In any case, the narrowing and stiffening of arteries associated with heart disease can slow blood flow to your organs and tissues. This hardening of arteries can damage your eyes, kidneys, brain, and other vital body parts.
Stenosis is a disease in which your heart's blood vessels become swollen, constricted, and stiff over time. It causes the muscles surrounding them to thicken as well, impairing the ability of your heart muscle to contract properly.
Without proper oxygenation, the body and mind are likely less able to function correctly.
In addition, without the energy from a healthy, high-quality source of oxygen, your cells won't have what they need to work normally, which could lead to significant complications in other areas of your body, including problems with your heart or a heart attack.
Effectively Fight Heart Disease By Making Affordable Lifestyle Changes.
By being more health conscious and taking better care of yourself, you can dramatically reduce your risk of heart-related illnesses, including high blood pressure, diabetes, and high cholesterol.
One highly recommended thing is to increase your activity level. Something as simple as walking about an hour every other day, or maybe try yoga as that's also great for your heart!
Fortunately, you can make many lifestyle changes to improve your health and help prevent heart disease. Some examples include quitting smoking, following a heart-healthy diet, and increasing your activity level.
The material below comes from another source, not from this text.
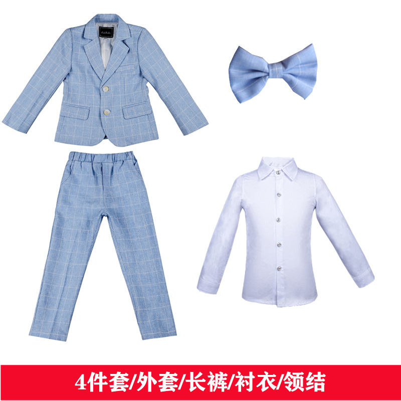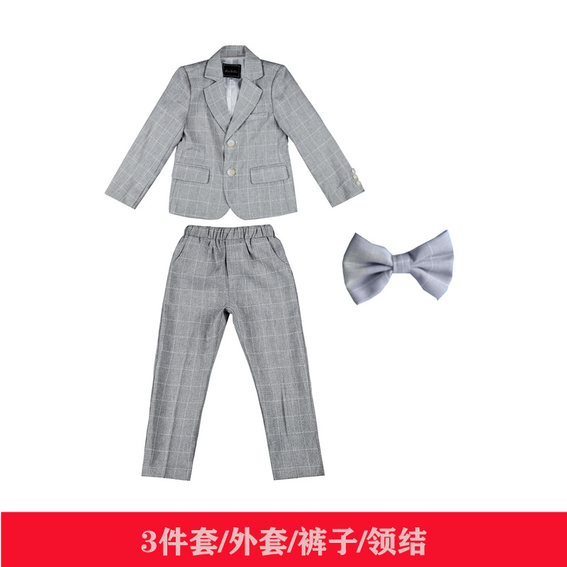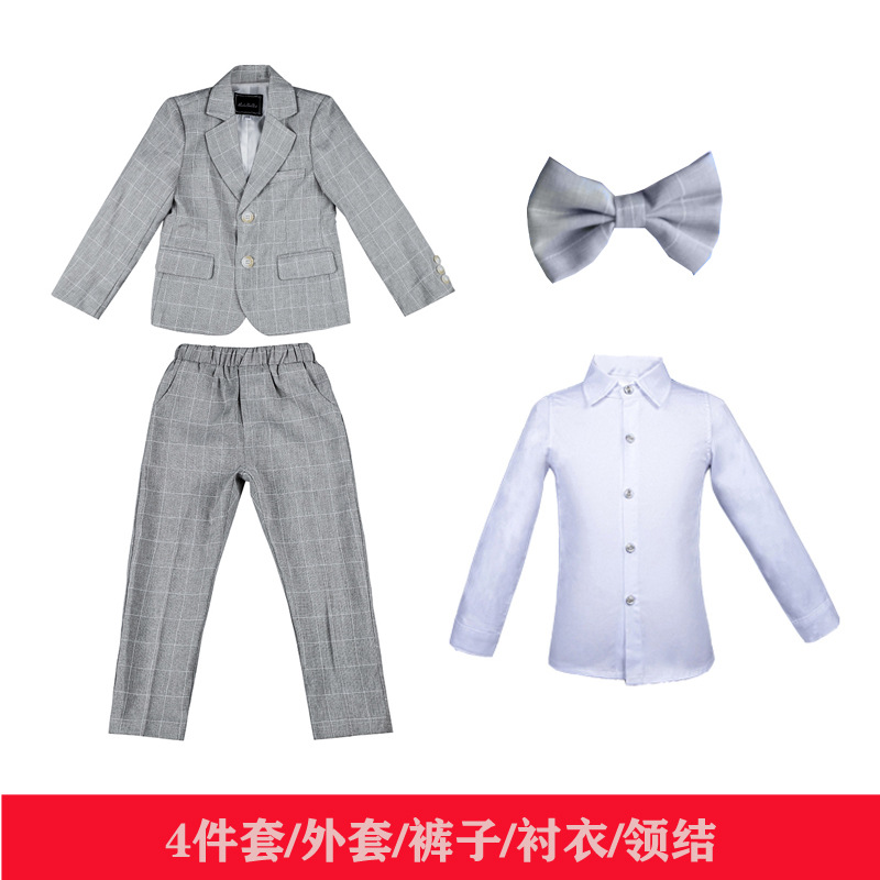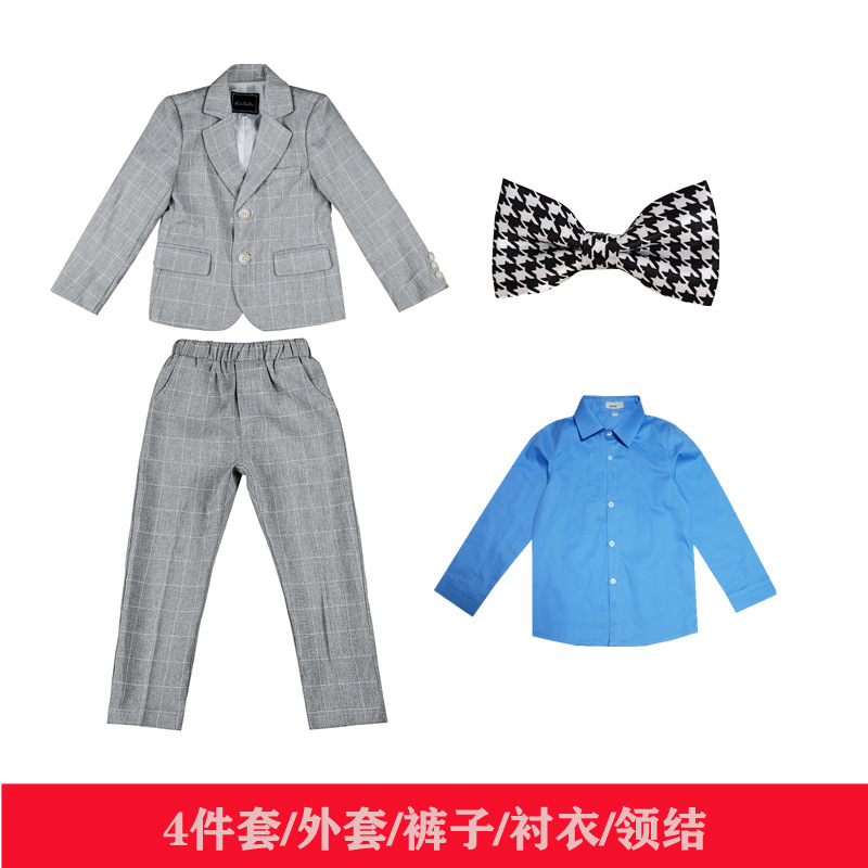 • 회색 4 종 세트 (코트 + 바지 + 블루 셔츠 + 하운드투스 나비 넥타이

Because your heart is a muscle, it goes through wear and tear like any other. It's generally agreed that you can damage the heart if you work out too much or abuse substances.
Make sure you're living healthily by eating well and exercising moderately every day.
Thankfully, an ounce of prevention can be worth a pound of cure. Properly caring for your heart allows it to function efficiently.
The more heart-healthy choices you make, the easier it will be for your heart to continue oxygenating and circulating blood precisely as it should.